» PROBLEM STATEMENT:
Transcribe the listing below verbatim, omitting pictures.
------ ENTRIES SUPPLIED
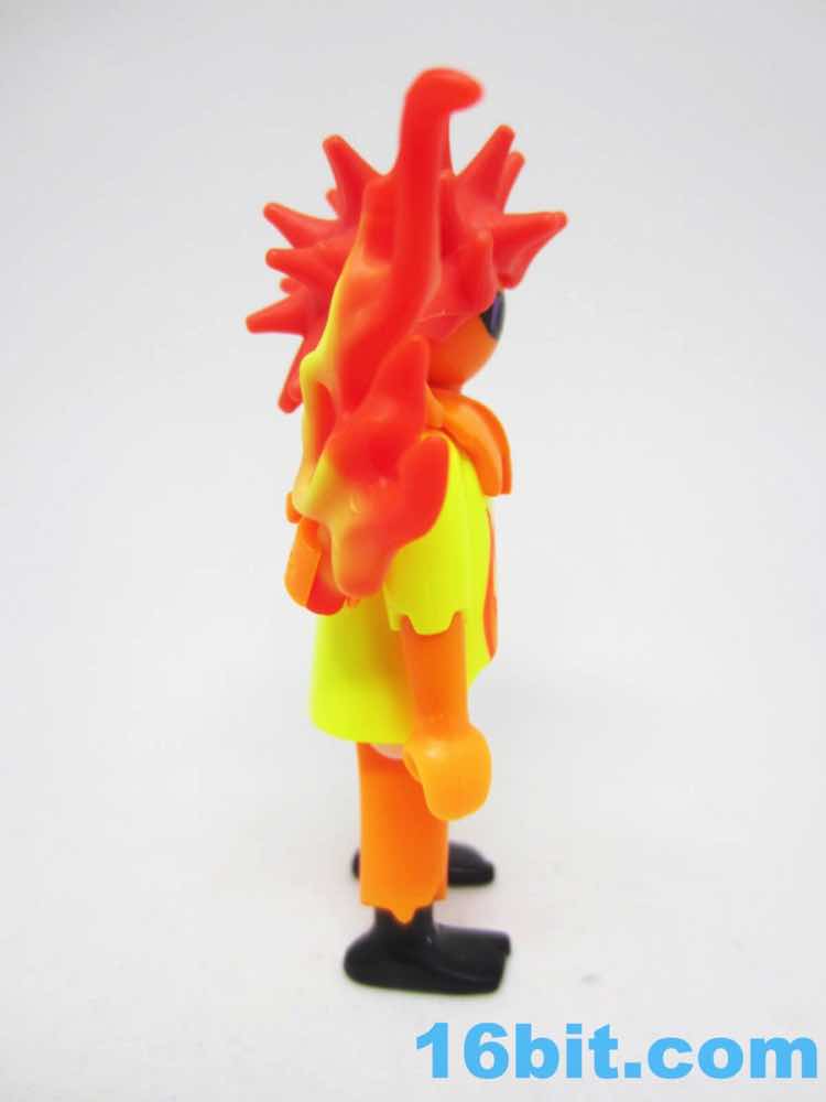 Playmobil figure construction owes much to what has come before. The figure has a bat-like collar armor piece with pegs on the back which have hooks on it, very much like the Space Warrior [FOTD #1,618]. Instead of weapon hooks, here they serve as flame storage. Dual-color injection molded flames are absolutely beautiful, and Playmobil stuck two on his back and a third in the barrel of his blaster.
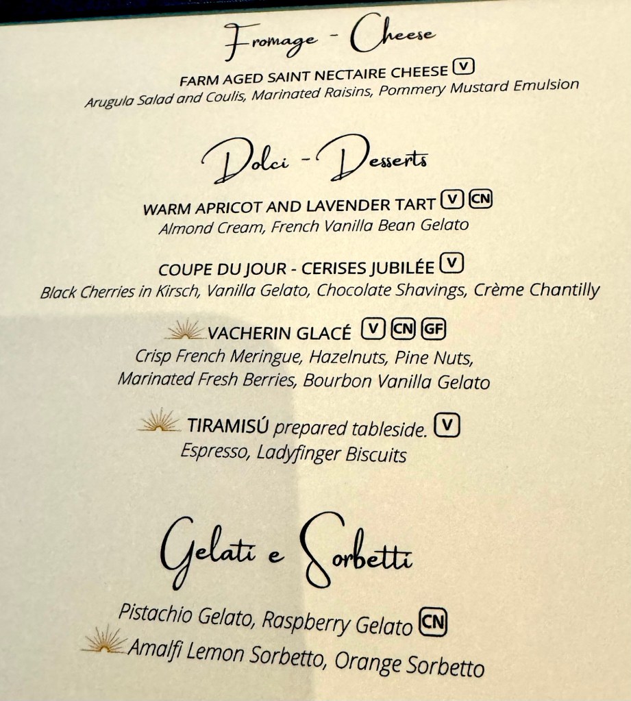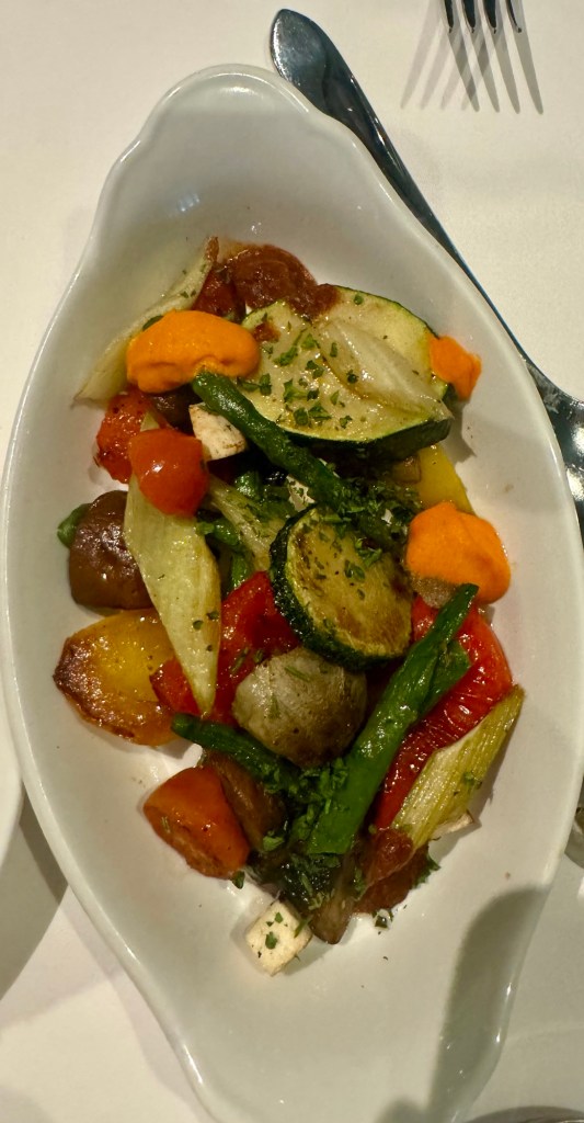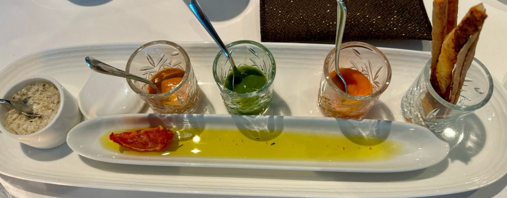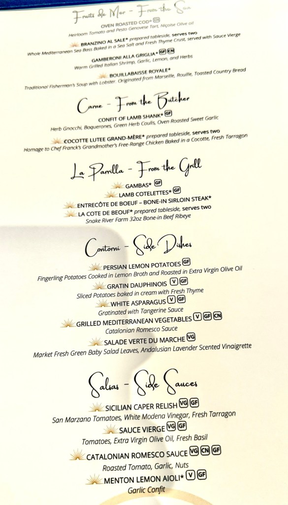 Hi Again All! We had a great night but ate way too much food! We ate in the specialty restaurant Solis and decided to go big. As they say, “go big or go home” and since we’re going home in two days we decided to go BIG!
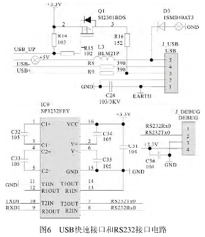 由Q1、R14、R15、R16、L3、D3、R8和R9等元件組成的電路與單片機對應電路,組成等元件組成的電路與單片機對應電路,組成USB快速接口電路。快速接口電路。IC9(SP3232EEY)芯片與周圍元)芯片與周圍元件組成RS232接口電路。電路如圖6所示。
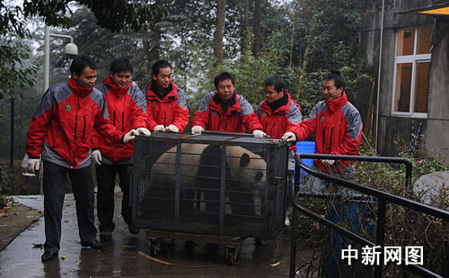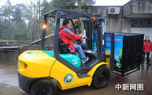 中新網(wǎng)成都11月27日電 (記者楊杰) 27日早上8時(shí)30分,在臥龍中國(guó)保護(hù)大熊貓研究中心白熊坪,工作人員一片忙碌,開(kāi)始將赴澳大利亞的大熊貓“網(wǎng)網(wǎng)”、“福妮”裝籠,并送上卡車整裝待發(fā)。10時(shí)整,歡送“網(wǎng)網(wǎng)”、“福妮”儀式舉行,中澳雙方動(dòng)物專家和相關(guān)官員出席。隨后,在家鄉(xiāng)人民祝福和不舍的目光中,車隊(duì)緩緩駛離雅安,前往成都雙流國(guó)際機(jī)場(chǎng)。
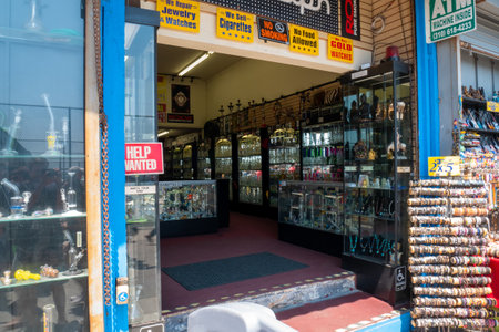 VENICE BEACH, USA - JUNE 25, 2016: View of Stores at boardwalk of Venice Beach in summer.
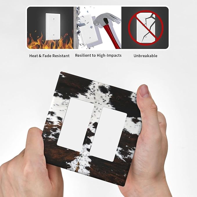 Western Farm Highland Cow Cowhide 2 Gang Rocker Decora Light Switch Cover Decorative Outlet Covers Wall Plate Electrical Faceplate Switchcovers GFCI for Farmhouse Bathroom Bedroom Living Room Decor
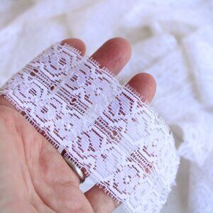 Lovely vintage stretch lace trim. Snow white, 1 & 7/8" ( nearly 2 inches) wide. Listing is for one piece of three yards plus 20". Orders for more will be shipped as continuous yardage. Perfect for bridal, headbands, lingerie, dolls, and so much more.
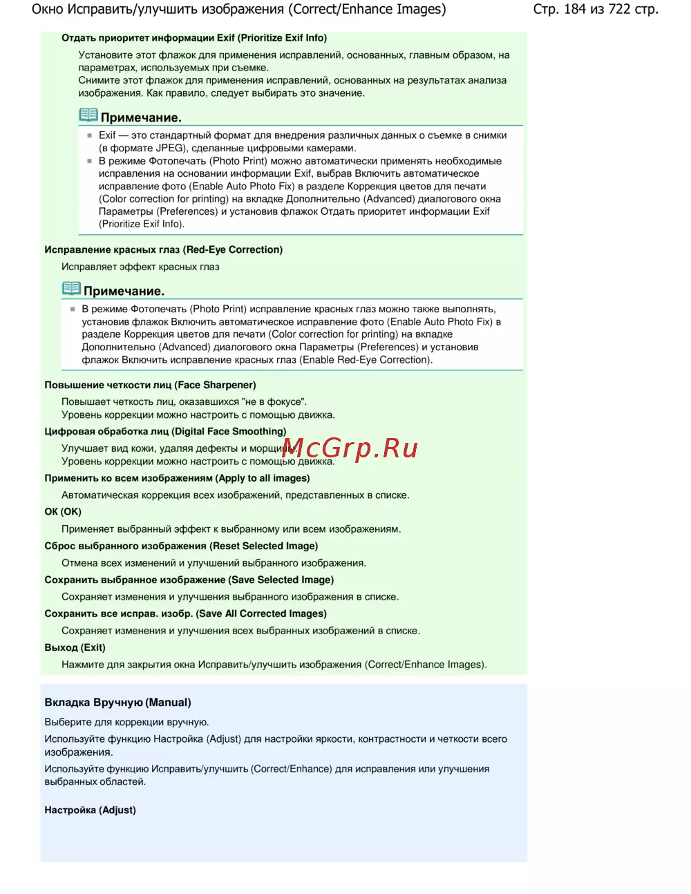 Стр. 184 из 722 стр.Окно Исправить/улучшить изображения (Correct/Enhance Images)
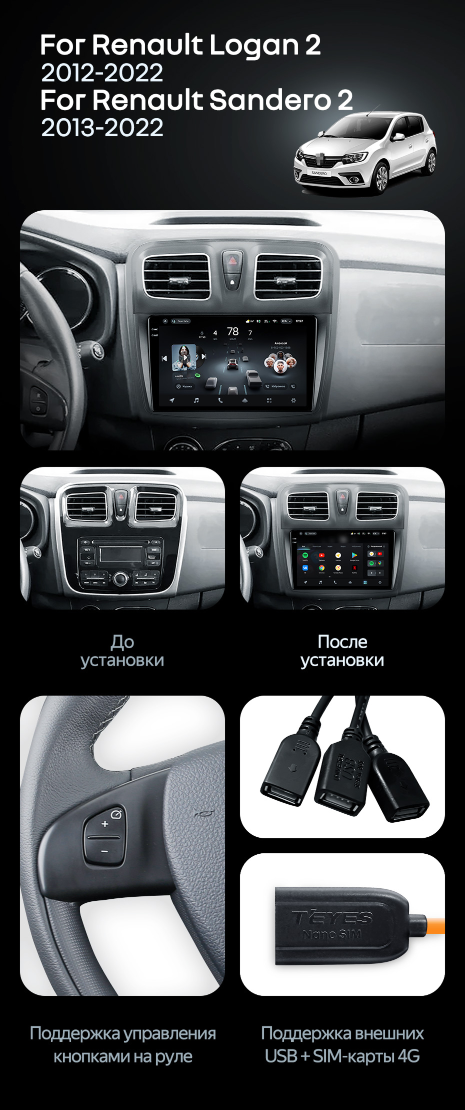 Штатная магнитола Teyes CC4 Pro 12/256 Renault Logan 2 (2012-2022) F2 - купить всего за 74 582 руб. в интернет-магазине в Тюмени Teyes.com.ru. ✓ Самый лучший выбор мультимедиа ✓ Лучшая замена штатному ГУ ✓ Тел. +7 (800) 775-31-74
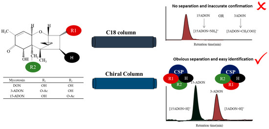 Principle required for the chiral separation of deoxynivalenol (DON), 3-acetyldeoxynivalenol (3-ADON) and 15-acetyldeoxynivalenol (15-ADON).
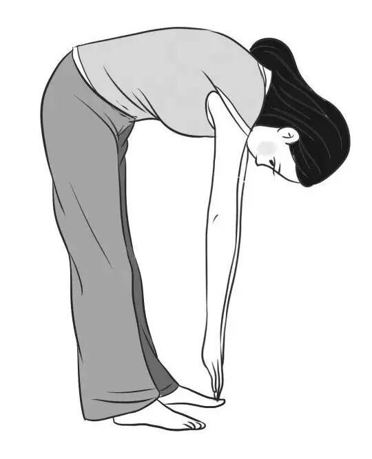 双腿并拢站直,上身前屈,手指尖尽量去够脚趾头,可以够到说明柔韧性还不错;如果手掌能放到地上,说明柔韧性很好;如果手掌到了膝关节处就下不去了,那身体就太僵硬了。
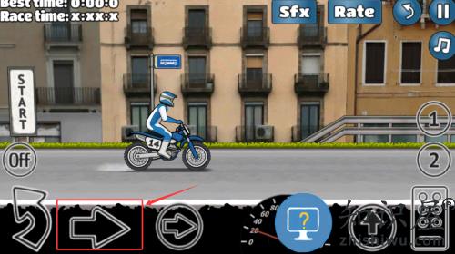3、点击右转按钮,控制摩托车在赛道上前进。
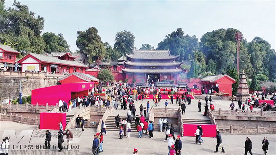 游客穿梭在蒼勁古柏與古樸殿宇之間,或駐足焚香,祈愿新一年平安順?biāo)?;或輕撫紅繩,期盼新一年學(xué)業(yè)進(jìn)步、事業(yè)高升;更有千年傳承的洞經(jīng)古樂,讓心靈在古音中沉靜。
------------
» ANSWER AREA:
 Playmobil figure construction owes much to what has come before. The figure has a bat-like collar armor piece with pegs on the back which have hooks on it, very much like the Space Warrior [FOTD #1,618]. Instead of weapon hooks, here they serve as flame storage. Dual-color injection molded flames are absolutely beautiful, and Playmobil stuck two on his back and a third in the barrel of his blaster.
 Hi Again All! We had a great night but ate way too much food! We ate in the specialty restaurant Solis and decided to go big. As they say, “go big or go home” and since we’re going home in two days we decided to go BIG!
 由Q1、R14、R15、R16、L3、D3、R8和R9等元件組成的電路與單片機對應電路,組成等元件組成的電路與單片機對應電路,組成USB快速接口電路。快速接口電路。IC9(SP3232EEY)芯片與周圍元)芯片與周圍元件組成RS232接口電路。電路如圖6所示。
 中新網(wǎng)成都11月27日電 (記者楊杰) 27日早上8時(shí)30分,在臥龍中國(guó)保護(hù)大熊貓研究中心白熊坪,工作人員一片忙碌,開(kāi)始將赴澳大利亞的大熊貓“網(wǎng)網(wǎng)”、“福妮”裝籠,并送上卡車整裝待發(fā)。10時(shí)整,歡送“網(wǎng)網(wǎng)”、“福妮”儀式舉行,中澳雙方動(dòng)物專家和相關(guān)官員出席。隨后,在家鄉(xiāng)人民祝福和不舍的目光中,車隊(duì)緩緩駛離雅安,前往成都雙流國(guó)際機(jī)場(chǎng)。
 VENICE BEACH, USA - JUNE 25, 2016: View of Stores at boardwalk of Venice Beach in summer.
 Western Farm Highland Cow Cowhide 2 Gang Rocker Decora Light Switch Cover Decorative Outlet Covers Wall Plate Electrical Faceplate Switchcovers GFCI for Farmhouse Bathroom Bedroom Living Room Decor
 Lovely vintage stretch lace trim. Snow white, 1 & 7/8" ( nearly 2 inches) wide. Listing is for one piece of three yards plus 20". Orders for more will be shipped as continuous yardage. Perfect for bridal, headbands, lingerie, dolls, and so much more.
 Стр. 184 из 722 стр.Окно Исправить/улучшить изображения (Correct/Enhance Images)
 Штатная магнитола Teyes CC4 Pro 12/256 Renault Logan 2 (2012-2022) F2 - купить всего за 74 582 руб. в интернет-магазине в Тюмени Teyes.com.ru. ✓ Самый лучший выбор мультимедиа ✓ Лучшая замена штатному ГУ ✓ Тел. +7 (800) 775-31-74
 Principle required for the chiral separation of deoxynivalenol (DON), 3-acetyldeoxynivalenol (3-ADON) and 15-acetyldeoxynivalenol (15-ADON).
 双腿并拢站直,上身前屈,手指尖尽量去够脚趾头,可以够到说明柔韧性还不错;如果手掌能放到地上,说明柔韧性很好;如果手掌到了膝关节处就下不去了,那身体就太僵硬了。
3、点击右转按钮,控制摩托车在赛道上前进。
 游客穿梭在蒼勁古柏與古樸殿宇之間,或駐足焚香,祈愿新一年平安順?biāo)?;或輕撫紅繩,期盼新一年學(xué)業(yè)進(jìn)步、事業(yè)高升;更有千年傳承的洞經(jīng)古樂,讓心靈在古音中沉靜。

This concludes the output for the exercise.